→ Activity
Repeat the records below verbatim and include no pictures.

====== Recorded data ======

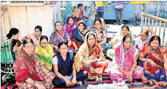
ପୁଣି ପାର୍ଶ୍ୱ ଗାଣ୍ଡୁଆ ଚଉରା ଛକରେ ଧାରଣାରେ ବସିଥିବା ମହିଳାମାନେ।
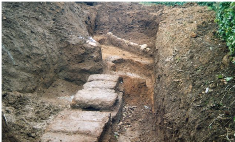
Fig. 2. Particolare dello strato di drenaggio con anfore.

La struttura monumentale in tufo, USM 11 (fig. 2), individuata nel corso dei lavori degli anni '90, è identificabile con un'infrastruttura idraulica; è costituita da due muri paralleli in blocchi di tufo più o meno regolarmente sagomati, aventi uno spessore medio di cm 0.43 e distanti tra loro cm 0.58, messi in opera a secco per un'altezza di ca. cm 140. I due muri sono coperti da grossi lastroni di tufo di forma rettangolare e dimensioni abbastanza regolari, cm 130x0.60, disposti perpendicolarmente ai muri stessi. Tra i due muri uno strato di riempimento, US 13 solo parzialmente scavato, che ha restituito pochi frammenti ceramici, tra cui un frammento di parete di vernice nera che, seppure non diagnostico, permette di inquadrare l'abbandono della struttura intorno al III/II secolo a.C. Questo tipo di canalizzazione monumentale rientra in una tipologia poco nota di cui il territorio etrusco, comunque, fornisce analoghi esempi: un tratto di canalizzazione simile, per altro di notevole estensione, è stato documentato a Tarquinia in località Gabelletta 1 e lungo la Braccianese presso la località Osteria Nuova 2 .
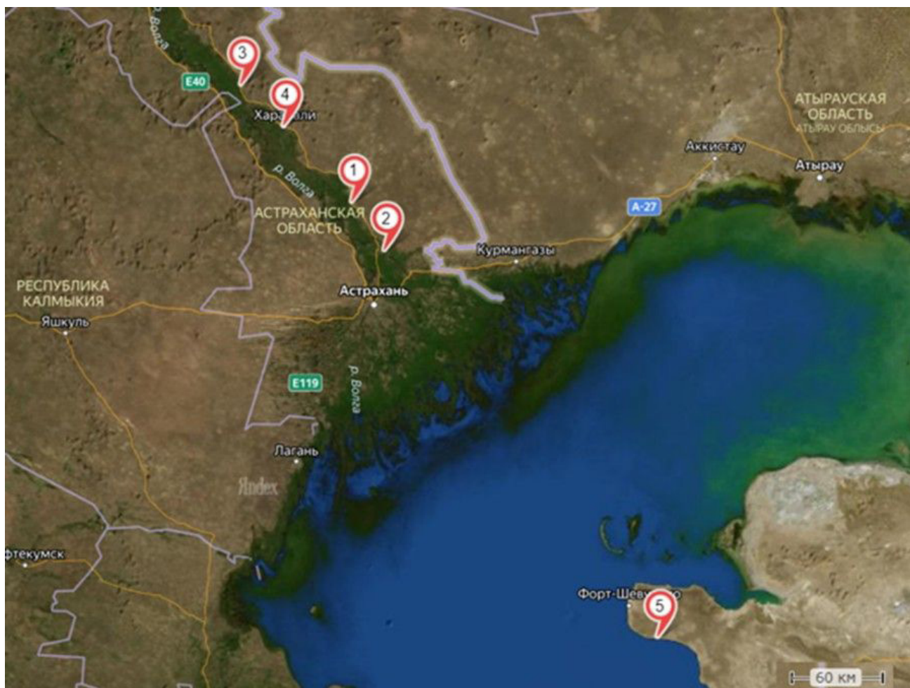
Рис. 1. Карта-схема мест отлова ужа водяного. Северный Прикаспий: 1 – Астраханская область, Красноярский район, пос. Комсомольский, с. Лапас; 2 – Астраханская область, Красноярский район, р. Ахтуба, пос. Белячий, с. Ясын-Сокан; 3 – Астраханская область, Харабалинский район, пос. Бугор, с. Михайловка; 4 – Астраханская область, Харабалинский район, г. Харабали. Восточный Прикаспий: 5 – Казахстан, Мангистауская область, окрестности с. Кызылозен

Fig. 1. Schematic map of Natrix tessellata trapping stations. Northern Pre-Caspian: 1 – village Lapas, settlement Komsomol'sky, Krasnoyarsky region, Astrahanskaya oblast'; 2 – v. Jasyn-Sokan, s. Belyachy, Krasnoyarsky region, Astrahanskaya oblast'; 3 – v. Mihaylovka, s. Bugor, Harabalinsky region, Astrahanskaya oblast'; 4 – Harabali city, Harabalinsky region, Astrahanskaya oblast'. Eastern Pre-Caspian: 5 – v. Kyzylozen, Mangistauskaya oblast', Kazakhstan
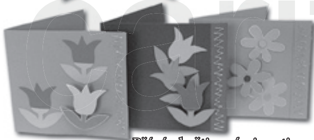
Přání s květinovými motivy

======

→ Your response
ପୁଣି ପାର୍ଶ୍ୱ ଗାଣ୍ଡୁଆ ଚଉରା ଛକରେ ଧାରଣାରେ ବସିଥିବା ମହିଳାମାନେ।
Fig. 2. Particolare dello strato di drenaggio con anfore.

La struttura monumentale in tufo, USM 11 (fig. 2), individuata nel corso dei lavori degli anni '90, è identificabile con un'infrastruttura idraulica; è costituita da due muri paralleli in blocchi di tufo più o meno regolarmente sagomati, aventi uno spessore medio di cm 0.43 e distanti tra loro cm 0.58, messi in opera a secco per un'altezza di ca. cm 140. I due muri sono coperti da grossi lastroni di tufo di forma rettangolare e dimensioni abbastanza regolari, cm 130x0.60, disposti perpendicolarmente ai muri stessi. Tra i due muri uno strato di riempimento, US 13 solo parzialmente scavato, che ha restituito pochi frammenti ceramici, tra cui un frammento di parete di vernice nera che, seppure non diagnostico, permette di inquadrare l'abbandono della struttura intorno al III/II secolo a.C. Questo tipo di canalizzazione monumentale rientra in una tipologia poco nota di cui il territorio etrusco, comunque, fornisce analoghi esempi: un tratto di canalizzazione simile, per altro di notevole estensione, è stato documentato a Tarquinia in località Gabelletta 1 e lungo la Braccianese presso la località Osteria Nuova 2 .
Рис. 1. Карта-схема мест отлова ужа водяного. Северный Прикаспий: 1 – Астраханская область, Красноярский район, пос. Комсомольский, с. Лапас; 2 – Астраханская область, Красноярский район, р. Ахтуба, пос. Белячий, с. Ясын-Сокан; 3 – Астраханская область, Харабалинский район, пос. Бугор, с. Михайловка; 4 – Астраханская область, Харабалинский район, г. Харабали. Восточный Прикаспий: 5 – Казахстан, Мангистауская область, окрестности с. Кызылозен

Fig. 1. Schematic map of Natrix tessellata trapping stations. Northern Pre-Caspian: 1 – village Lapas, settlement Komsomol'sky, Krasnoyarsky region, Astrahanskaya oblast'; 2 – v. Jasyn-Sokan, s. Belyachy, Krasnoyarsky region, Astrahanskaya oblast'; 3 – v. Mihaylovka, s. Bugor, Harabalinsky region, Astrahanskaya oblast'; 4 – Harabali city, Harabalinsky region, Astrahanskaya oblast'. Eastern Pre-Caspian: 5 – v. Kyzylozen, Mangistauskaya oblast', Kazakhstan
Přání s květinovými motivy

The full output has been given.